‘Wait – Maurice?’
‘Yeah, you’ve heard about him?’
‘I’ve met him. On my first day here, he was visiting the landlady of The Lonely Lad. But hang on, she said the owner was a celebrity? You’re not a celebrity.’
‘No, I’m not. Well, I mean, I’m a little bit well known in the surf world.’
Eighty-Nine
Damage
He goes and sits on a dusty, rattan chair, his hand reaching out to a damaged section of an orange longboard, eyes closed, trying to tune into something.
‘Caleb,’ I say. ‘You’re a surfer? I’ve never seen you surf once. I’ve hardly even seen you swim in the sea.’
When he opens his eyes, they’re soft. Distant.
‘I don’t mess with the ocean anymore.’ He opens his eyes fully and looks confused to see me, as if he was elsewhere for a moment. ‘That’s why I do physio every day.’
I take a breath and then ask the question that I’ve been waiting to ask since I first saw the marks on his back.
‘What happened to you, Caleb?’
His face falls, making him look suddenly older.
‘I wiped out, hit a reef and broke my neck. I was dead for twelve minutes, until another surfer resuscitated me.’
The scars, the neat surgical incisions. At last, it makes sense.
‘Why didn’t you tell me before?’
‘I can’t talk about it – not to anyone. I don’t let my nan talk about it either. It’s the one boundary of mine she actually respects.’
‘It’s too painful to remember…’ I murmur, wanting to reach out and hug him.
‘No, it’s a complete block. Like, my brain won’t let me go there. Which makes it really funny.’
He starts laughing and wipes sweat from his brow.
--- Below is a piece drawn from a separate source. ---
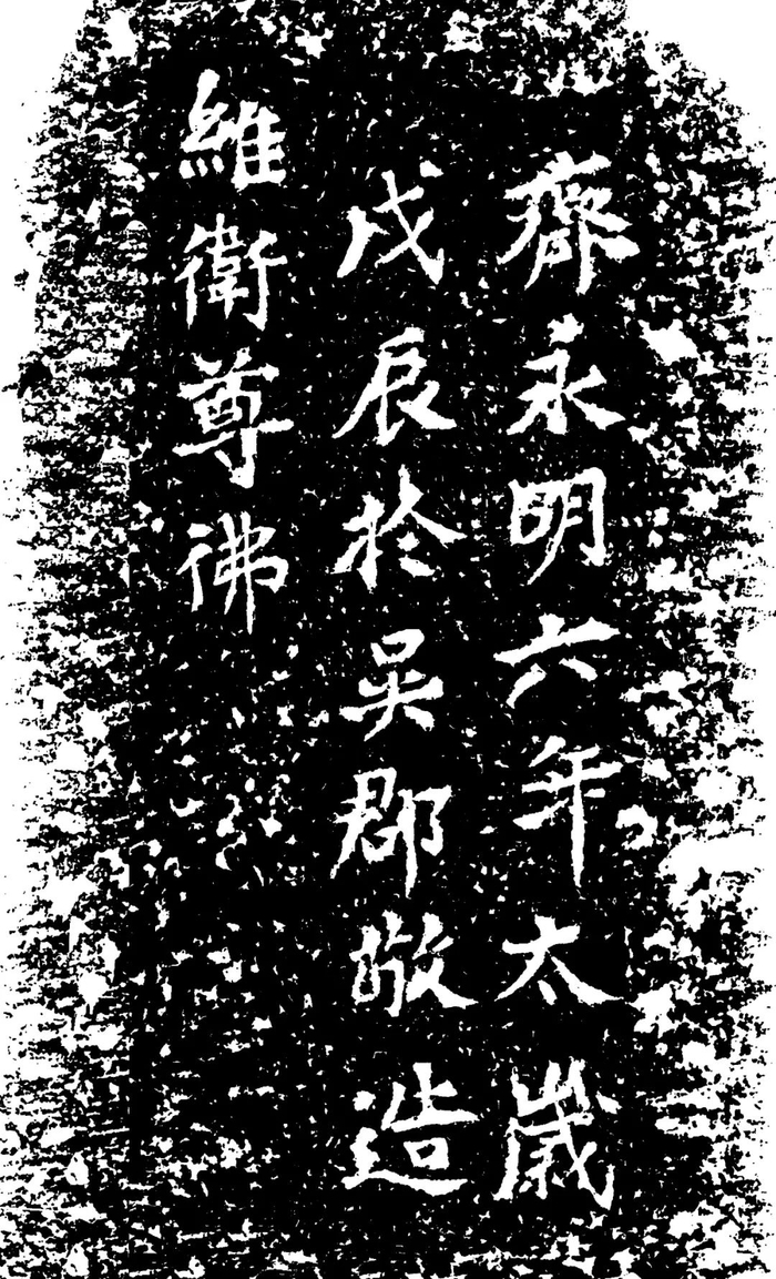 相比于摩崖碑碣,越中造像数量不多。著名者有越城维卫尊佛像,为南朝齐时造像,国家一级文物,现藏绍兴博物馆。像背镌刻“齐永明六年太岁戊辰,于吴郡敬造,维卫尊佛”铭文,对研究我国佛教史、书法史、雕刻史有重要意义。绍兴羊山石佛造像为隋唐石窟造像,石窟内壁有万历年间镌刻的《羊石山石佛庵碑记》:“隋开皇时,越国公杨素采羊山之石,以筑罗城,好事者因山凿石为佛,合以为庵。庵壁有古字,字隋唐间迹也。”新昌弥勒石窟造像,南朝齐梁佛教造像,开凿于南朝齐永明四年(四八六),成像于梁天监十五年(五一六),像高十四点零五米,其中头高四点三九米,被誉为江南第一大佛。

I don’t see anything in what he’s said that’s remotely funny.
‘I don’t understand. Are you feeling okay, Caleb?’
His chin shoots up and I see the wounded animal within him, alert to danger.
‘My brain was affected but I’m not crazy. I was just trying to remember.’
‘Remember what?’
‘Why I agreed to write eighty thousand words on how I ruined my life.’
*
I feel myself startle.
‘That’s why I got all my boards out of storage and brought them with me when I moved back to Loor.’